The reason that I write this is not to denigrate academic research; I use it in my investing, but I try to be careful about what I accept.

Now, recently, I took a little heat for making a comment that I thought that the unadjusted CPI or median CPI was a better predictor of the unadjusted CPI than the “core” CPI. So, I went over to the database at FRED (St. Louis Fed), and downloaded the three series. I regressed six month lagged unadjusted, median, and core CPI data on unadjusted CPI data for the next six months. I made sure that the data periods were non-overlapping, and long enough that data corrections would induce little bias. I constrained the weights on my three independent variables to sum to one, since that I am trying to figure out which one gets the most weight. My data set had 80 non-overlapping six-month observations stretching back to 1967. Well, here are the results:

  • Intercept: -0.0002 (good, it should be close to zero)
  • Unadjusted CPI: 0.1720 (prob-value 12.3%)
  • “Core” CPI: -0.1665 (prob-value 11.2%)
  • Median CPI: 0.9945 (no prob-value because of the constraint imposed)
  • Prob-value on the F-test: 24.3% (ouch)
  • Adjusted R-squared: 1.10%. (double ouch)

What does this tell me? Not much. The regression as a whole is not significant at a 95% level. Does the median CPI (from the Cleveland Fed) better predict the unadjusted CPI than the “core” or unadjusted CPI? Maybe, but with these results, who can tell? It is fair to say that core CPI does not possess any special ability to forecast unadjusted CPI over a six-month horizon.

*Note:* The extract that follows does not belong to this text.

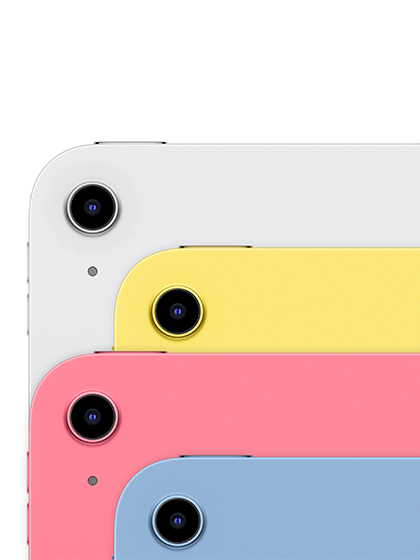 Features a Landscape 12MP Center Stage front camera (ƒ/2.4 aperture) designed for video calls and selfies, keeping the user in the center of the frame.
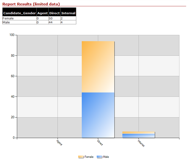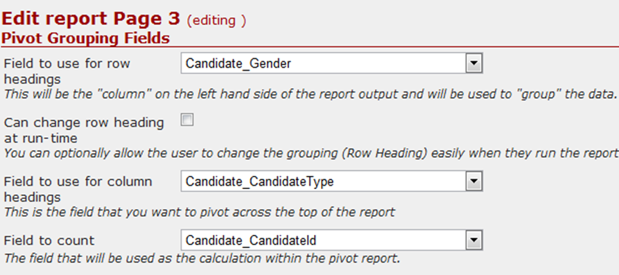 This page is used to define the two columns that are used for your pivot report. In the above example the report is set to show the type of candidate against the gender of the candidates. This results in the report below:

From basic statistics, we already know that the median is a more robust estimator of central tendency than the mean, when the underlying distribution is not known. We also know that tossing out data (“core”) arbitrarily because they are more volatile (and higher) than the other components will not necessarily estimate central tendency better. Instead, it may bias the estimate.

So, be wary of the received opinion of economists that are in the public view. Our ability to use past inflation measures to predict future inflation measures is poor at best, and “core” measures don’t help in the explanation.